How inference is served. Everything model-related goes through a single chat(messages, max_tokens) wrapper in llm.py; no other module imports transformers directly. The model is loaded once, lazily, on the Space's ZeroGPU — the multimodal default via MiniCPMV4_6ForConditionalGeneration + an AutoProcessor, the text-only fallbacks via AutoModelForCausalLM + AutoTokenizer — in bf16 with device_map="auto", and the GPU entrypoint is wrapped in @spaces.GPU. max_tokens is kept tight (256–512) because latency is the demo-killer. Model output is never trusted: replies expected to be JSON are parsed defensively, with one repair retry and a safe fallback so a malformed generation can never crash the study loop.

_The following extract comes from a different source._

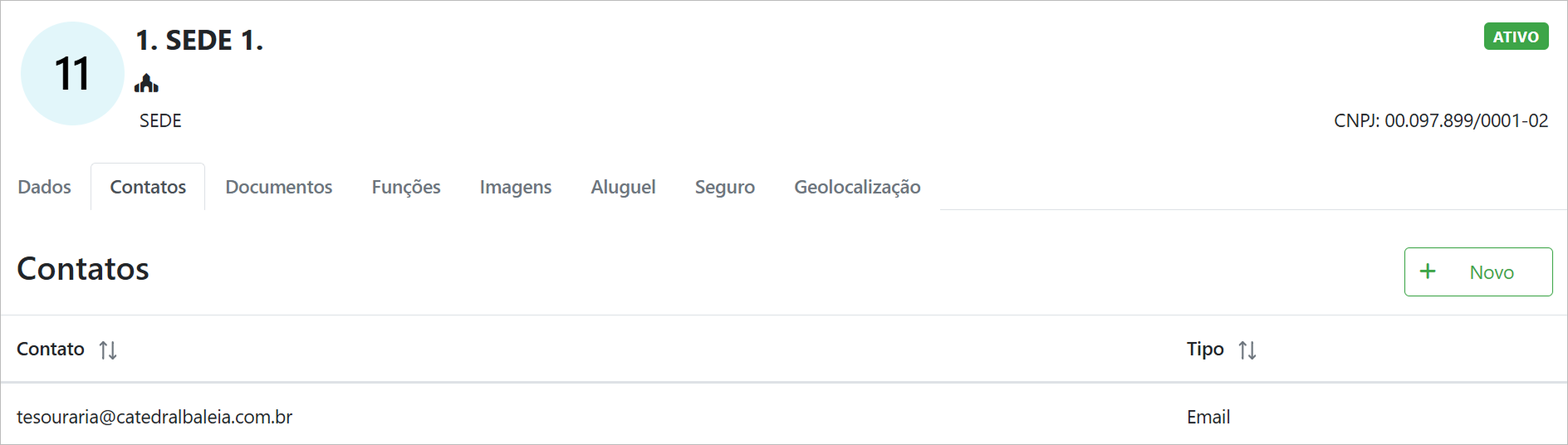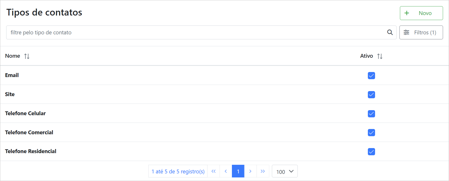 É possível adicionar um novo tipo de contato, clicando em "+ Novo".

Stub mode. With RECALL_STUB=1 (the default) chat() returns canned replies, so the whole app runs and demos end-to-end with no GPU and no model download. Flip RECALL_STUB=0 to use the real model.

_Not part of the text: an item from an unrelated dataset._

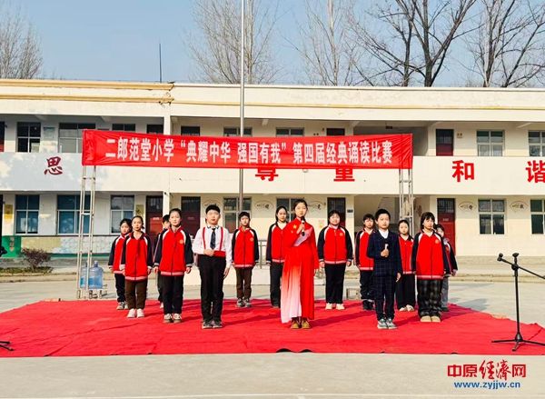 中原经济网驻马店讯(记者 杨晓 全媒体记者 冯占华 武萌萌)为创建书香校园,传承中华优秀传统文化,厚植少年儿童爱国情怀,12月19日下午,西平县二郎范堂小学举行“典耀中华 强国有我”经典诵读比赛。全校师生齐聚一堂,在琅琅书声中品味经典魅力,抒发强国之志。

Fallback (config flip, no code change). If the Space is too slow or runs out of memory, swap to a smaller model by setting RECALL_MODEL — the rest of the pipeline is unchanged (the text-only fallbacks drop the image/OCR path):
# text fallback (8B)
RECALL_MODEL=8b RECALL_STUB=0 python server.py # MiniCPM4.1-8B
# fast fallback
RECALL_MODEL=1b RECALL_STUB=0 python server.py # MiniCPM5-1B
# mid fallback — ≤4B, so it qualifies for the Tiny Titan prize
RECALL_MODEL=4b RECALL_STUB=0 python server.py # MiniCPM3-4B
Project layout
| File | Owner | What it is |
|---|---|---|
schema.py |
shared | The data contract (Card, CardState, GradeResult, Session). Don't change without a sync. |
llm.py |
Nikolai | Shared MiniCPM inference wrapper + defensive JSON parsing. |
learning_engine.py |
Nikolai | Scheduling (SM-2-lite), grading, adaptation, follow-ups, recap. |
content_pipeline.py |
Frank | Text & image PDFs → chunks (scans render to page images for the vision model) → question cards. |
app.py |
Arturo | Gradio UI (Upload / Study / Recap) over gr.State — standalone fallback (python app.py). |
server.py |
— | FastAPI server: serves the custom frontend + JSON API over the backend. |
frontend/index.html |
— | The polished Recall design (Upload / Study / Recap), vanilla HTML/CSS/JS. |
How to work in parallel
- At kickoff, lock
schema.pytogether. - Each module already ships working stubs — build your real logic behind the
same function signatures, flip
RECALL_STUB=0to test for real. - Don't change public function signatures without telling the team.
The judging hook
The small model is load-bearing in three visible places: grading free-text answers with explanations, generating follow-up questions that drill the exact concept you missed, and reading scanned/photographed material to build the deck. Make sure the demo shows them.